1. Stock solution-100mg/L: Dry around 1 g standard folic acid (USP) in a porcelain crucible in an
oven at 100-110°C to constant weight. As an alternative, it can be dried in a moisture analyzer (see
picture below). Moisture content is compared to the maximum moisture content in the certificate
and correction for purity and moisture is calculated when calculating the concentration.

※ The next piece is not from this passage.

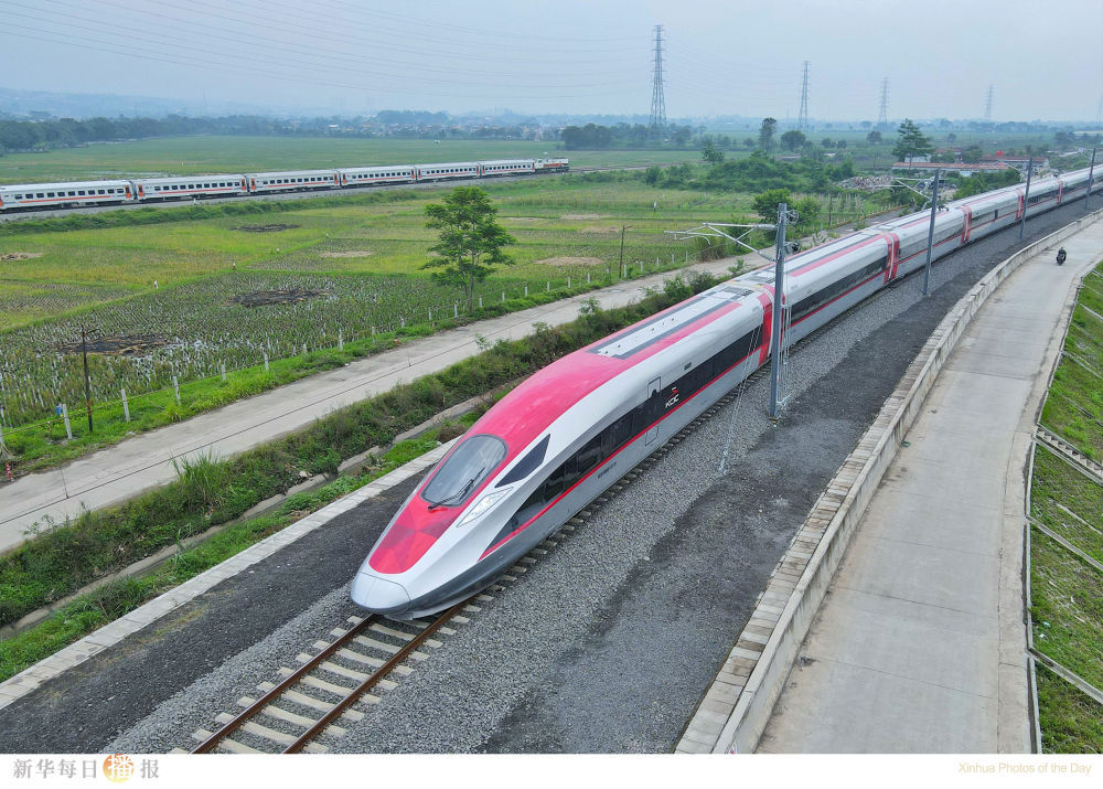 11月9日,在印度尼西亚西爪哇省万隆市,一列高铁动车组正在雅万高铁试验段进行热滑试验(无人机照片)。雅万高铁试验段接触网热滑试验9日成功进行,实验中全面检测了试验段牵引供电系统各项功能。据中方施工联合体介绍,相关指标参数表现良好,完全符合设计要求,这为下一步动态检测创造了条件。雅万高铁连接印尼首都雅加达和第四大城市万隆,是“一带一路”倡议和中印尼两国务实合作的标志性项目,也是中国高铁首次全系统、全要素、全产业链在海外建设项目,最高设计时速350公里。项目建成后,雅加达到万隆的旅行时间将由现在的3个多小时缩短至40分钟,将极大改善当地交通状况、带动沿线产业开发,对助力印尼经济和社会发展具有重要意义。

2. Weigh 50 mg standard and dissolve with phosphates buffer-0.1M pH=7 and bring to volume to 500
mL. Store the solution in the refrigerator in a dark container with a 2-mm toluene layer. Solution is
stable for two months.

Concentration:

• Transfer 10 mL stock standard solution-100 mg/L to a 100-mL volumetric flask and bring to volume
with phosphates buffer-0.1M, pH=7.
• Read the absorbance of the solution at 282nm and 346 nm in a UV-spectrophotometer with 1-cm
light path cuvettes. Zero the instrument with phosphates buffer 0.1M, pH=7. Get three reading at
each wavelength.
• Calculate the average of the absorbances and multiply the results by 160 for the absorbances at 282
nm and by 613.33 for the readings at 346 nm.

- 53 -
3. Intermediate standard (1)-1mg/L: Transfer 1 mL stock solution to a 100-mL volumetric flask
with around 50 mL distilled water. Adjust pH between 7-8 with HCl or NaOH-0.1 N drop by drop,
and using a potenciometer. Bring to volume with distilled water. Store in a dark container with a
2-mm toluene layer. Solution is stable for two weeks.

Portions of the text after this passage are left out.